I am currently writing a library that for a number of applications needs to take a dictionary of matrices as arguments. In order to make the functions reasonably general, I wanted to make the key/value types in the function arguments abstract. e.g. something like:

function print_dict(dict::AbstractDict{<:Real, AbstractArray{<:Real, 2}})
    print(dict)
end

(This is not a real function I want to write, just for demonstration of the argument type)

Calling this function with a dict of what I assumed to be a valid subtype of the function argument

dict = Dict{Int, Array{Float32, 2}}()

dict[1]  = [10.3 3.4 ; 2.3 4]

print_dict(dict)

however gives the following error:

ERROR: LoadError: MethodError: no method matching print_dict(::Dict{Int64,Array{Float32,2}})
Closest candidates are:
  print_dict(::AbstractDict{var"#s1",AbstractArray{var"#s2",2} where var"#s2"<:Real} where var"#s1"<:Real) at ***/dict_weirdness.jl:1
Stacktrace:
 [1] top-level scope at ***/dict_weirdness.jl:10
 [2] include(::String) at ./client.jl:457
 [3] top-level scope at REPL[1]:1
in expression starting at ***/dict_weirdness.jl:10

I expected this to work as you can do things like AbstractArray{<:Real, 2} as functional argument types no problem.

Can anyone explain why this does not work, and perhaps suggest any workarounds / better practises?

Thanks in advance, Michael

It’s not a complete answer, but:

julia> d=Dict([1 => [1.0 2.0;]])
Dict{Int64,Array{Float64,2}} with 1 entry:
  1 => [1.0 2.0]

julia> print_dict4(d :: AbstractDict{T1, Matrix{T2}}) where {T1 <: Real, T2 <: Real} = println(d);

julia> print_dict4(d)
Dict(1 => [1.0 2.0])

whereas

julia> print_dict5(d :: AbstractDict{T1, AbstractMatrix{T2}}) where {T1 <: Real, T2 <: Real} = println(d);

julia> print_dict5(d)
ERROR: MethodError: no method matching print_dict5(::Dict{Int64,Array{Float64,2}})

julia> function print_dict(dict::AbstractDict{<:Real, <:AbstractArray{<:Real, 2}})

           print(dict)

       end

works. (now I have to catch a bus, maybe someone else can explain more)

That’s the point I was missing:

julia> d=Dict([1 => [1.0 2.0;]])
Dict{Int64,Array{Float64,2}} with 1 entry:
  1 => [1.0 2.0]

julia> isa(d, Dict{<:Real,<:Matrix})
true

julia> isa(d, Dict{<:Real,Matrix})
false

and so the dispatch fails without the additional <:

Thank you both, this is enlightening.
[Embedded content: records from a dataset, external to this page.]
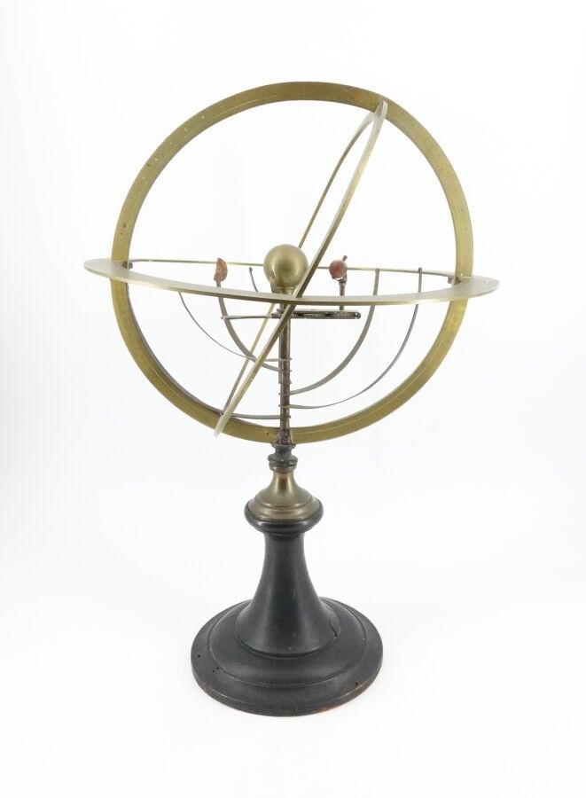 Sphère armillaire planétaire type copernicien en laiton sur une base en bois noirci avec le soleil au centre et tiges mobiles en laiton pour déplacer les planètes (planètes absentes, seule la Terre est présente), deux cercles des solstices et équinoxes et un cercle d'horizon, XIXe s.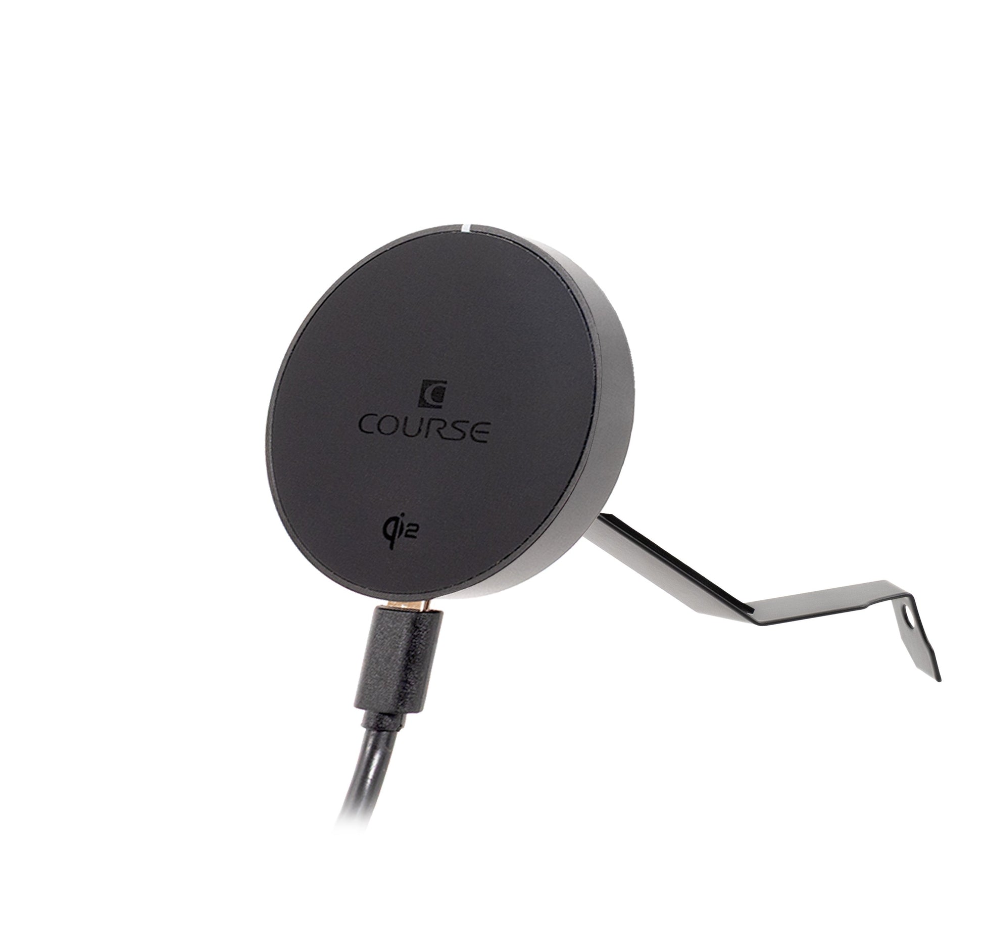 Available with a non-charging magnetic head option as shown in the photos and installation video, the optional Course Motorsports Automatic Gripping Wireless Induction Charger Mount or Course Motorsports Magnetic Induction Charger - MagSafe Compatible.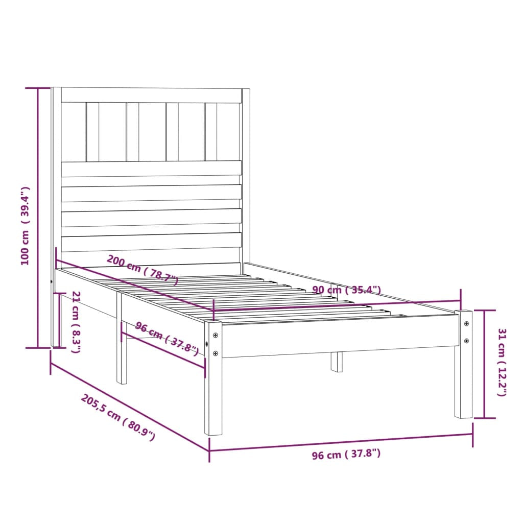 Bed Frame without Mattress Solid Wood Pine 90x200 cm 3101008
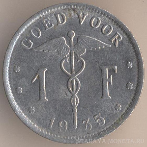 1 франк 1935 года, никель, масса - 5 граммов, диаметр - 23 мм, толщина - 1,7 мм, тираж - 2237500 экземпляров. Гравёр: Арман Боннетайн. Чеканились в 1922-23, 1928-29 и 1933-35. Тип: легенда по-фламандски. В обращении до 24 января 1949 года.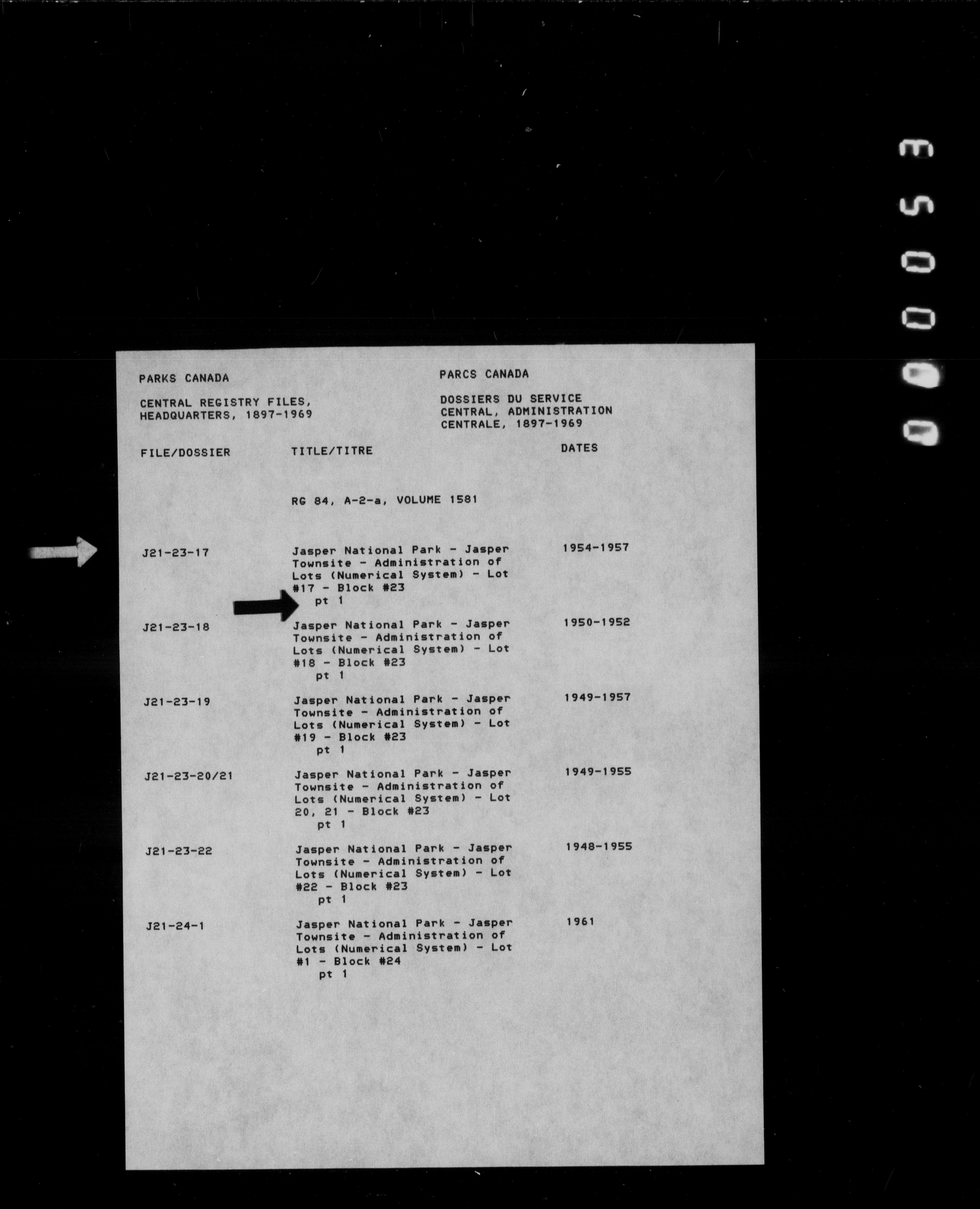 Department of Canadian Heritage, Canadian Parks Service : Park/subject classification system - 9704
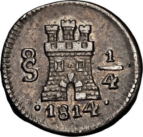 CHILE, Santiago, ¼ real, 1814, NGC AU 53 (Val y Mexía Collection Label).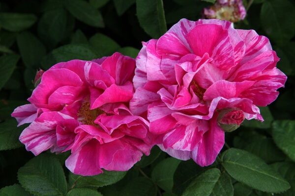 Si tratta di una rosa che è la mutazione della rosa gallica officinalis ma presenta un portamento più morbido ed arcuato. Presenta inoltre rami che si espandono fino a 1.5 m.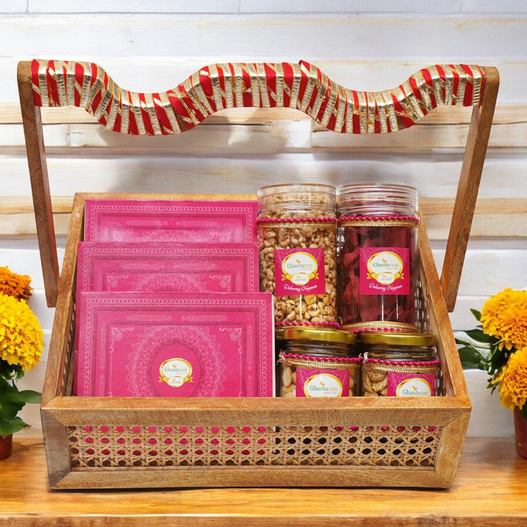 A beautiful Wooden rattan Basket adorned beautifully with lace containing a box of Gud Til Gachak (200 gms), Khajoor (200 gms), Mawa til Laddoo (200 gms), 4 jars containing Beetroot chips (80 gms), Wheat puffs( 60 gms), Peanuts (100 gms), and Gud Til Revadi (100 gms). Net Weight: 940 gms.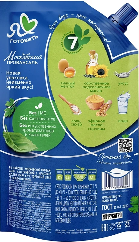 Майонез Я люблю готовить Московский провансаль 67%, 390мл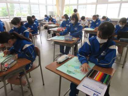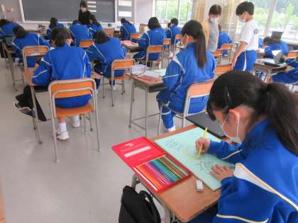 5月11日(水) 1年生美術「レタリング」 公開日 2022/05/11 更新日 2022/05/11 できごと 1年生は,真新しいスケッチブックの表紙に自分の名前をレタリングしています。仕上げに向かって色塗りです。色鉛筆やペンを使って,色を重ねたりグラデーションを付けたり工夫して,世界に一つだけの素敵な作品です。

For some reason, I had not expected the need of <: before the AbstractArray. Typically you don’t need this when the function argument is of AbstractArray type, e.g.

print_array(array::AbstractArray{<:Real, 2}) = println(array)

will work fine without the additional <:

But you do have the additional <: in your last example – it’s the one in front of the Real. This is really the point made in the docs in a warning box:

This last point is very important: even though Float64 <: Real we DO NOT have Point{Float64} <: Point{Real} .

Ah okay yes I see.

Is the reason you don’t need the <: on the first level of argument type a syntactic nicety then?

i.e. I mean that

print_array(array::AbstractArray{<:Real, 2}) = println(array)

does not need to be

print_array(array::<:AbstractArray{<:Real, 2}) = println(array)

This is just the same fact that Julia types are invariant (https://docs.julialang.org/en/v1/manual/types/#Parametric-Composite-Types) all over again.

If you have a parametric type Foo{T} and types A <: B, then it is not true that Foo{A} <: Foo{B}. It is, however, true that:

Foo{A} <: (Foo{X} where X <: B)

and, equivalently, that:

Foo{A} <: Foo{<:B}

In both cases you are saying "Foo{A} is a subtype of the collection of all types Foo{X} where X is some subtype of B".

In your case, Array{Float64, 2} <: AbstractArray{<:Real, 2}, but that does not mean that Dict{Int, Array{Float64, 2}} <: Dict{Int, AbstractArray{<:Real, 2}}.

Instead, you can say:

Dict{Int, Array{Float64, 2}} <: (Dict{Int, A} where A <: AbstractArray{<:Real, 2})

or equivalently:

Dict{Int, Array{Float64, 2}} <: Dict{Int, <:AbstractArray{<:Real, 2}}

which means, roughly, "Dict{Int, Array{Float64, 2}} is a member of the set of all types Dict{Int, A} in which A is some kind of AbstractArray{R, 2} and R is some kind of Real.